We removed the total flight distance parameter below the lower quartile. One of the reasons for these data could be that the wings of some moths are glued in the process of experiment, reducing their willingness or ability to fly. If these data were included, we would underestimate the fly ability of moths (Jantzen and Eisner, 2008; Combes et al., 2010). All calculations and statistical tests involved in this article are implemented by R (v4.0.4) (R Core Team, 2013). For the flight parameters of species level, family level, and superfamily level, the shapiro.test function in R was used to check for the normal distribution of the data, and the Wilcox.test function in the stats package to compare the differences among species, families, and superfamilies. The lm and predict functions in R were used for fitting and prediction of unary linear regression, respectively.

Simulation of Species Spread Between Mainland and Island

After obtaining the flight data of 36 (n ≥ 10) moth species from 10 different families, we simulated the migration of different species between mainland and island (see below) in R. In the simulation, we approximate Zhoushan Island and its adjacent mainland (Ningbo) into two circular regions, and the minimum distance between the two circles (e.g., the shortest distance between Ningbo and Zhoushan Island) is about 8.3 km measured based on Map World on National Platform for Common Geospatial Information Services2.
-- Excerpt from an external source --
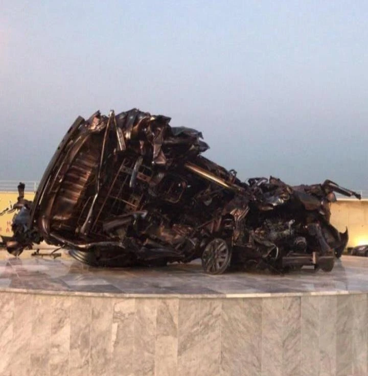 Süleymani ile Mühendis’in ölüm yıldönümü yaklaşırken, ABD’nin saldırısı sonucu parçalanan araçlardan geriye kalanlar herkesin görebilmesi için yol üzerinde bir noktaya yerleştirildi.

Basic Assumptions of the Dispersal Model

We assume that the initial moth population consists of a male and a female, and that they exist in an environment with evenly distributed resources. The female lays eggs somewhere after mating, and the larvae will only feed near the hatching place due to limited dispersal ability, so on a large spatial scale, we believe that the offspring produced by the same female moth will not spread during the larval and pupal stage, that is, the position where the female moth lays eggs is the initial position of the progeny adult’s spread (Considering natural enemies, climate, and other factors, it is assumed that only rmax (assuming rmax = 10) individual offspring produced by each female moth can successfully emerge, and the sex ratio is 1:1; Supplementary Figure 1). The offspring will spontaneously spread to the surrounding environment in random directions following metamorphosis into the adults and form an extended second-generation distribution range with an area of S. The mating females in this population lay eggs nearby, to produce the second generation, and the offspring continue to circulate this process. According to the logistic population growth model (Pearl and Slobodkin, 1976), the density of species is limited by the carrying ability K (assuming K = 30, that is, 30 adults per square kilometer, though of course, it may be higher than this for many species). The number of offspring produced by each female in the population is restricted by the population density of the current generation, and all adults can mate with a sex ratio of 1:1. Supposing the number of fertile females in this generation is Nff and regardless of limitation in species spawning ability, females can produce the largest number of individuals r, so the number of fertile offspring (adult offspring) produced by fertile females in each generation (r) should satisfy the following inequality:

rK×SNff

Its ecological meaning is that the females are restricted by density during the larval stage, leading to a difference in the amount of food, then changing the number of eggs produced after emergence and mating (Rivero et al., 2001; Telang et al., 2006).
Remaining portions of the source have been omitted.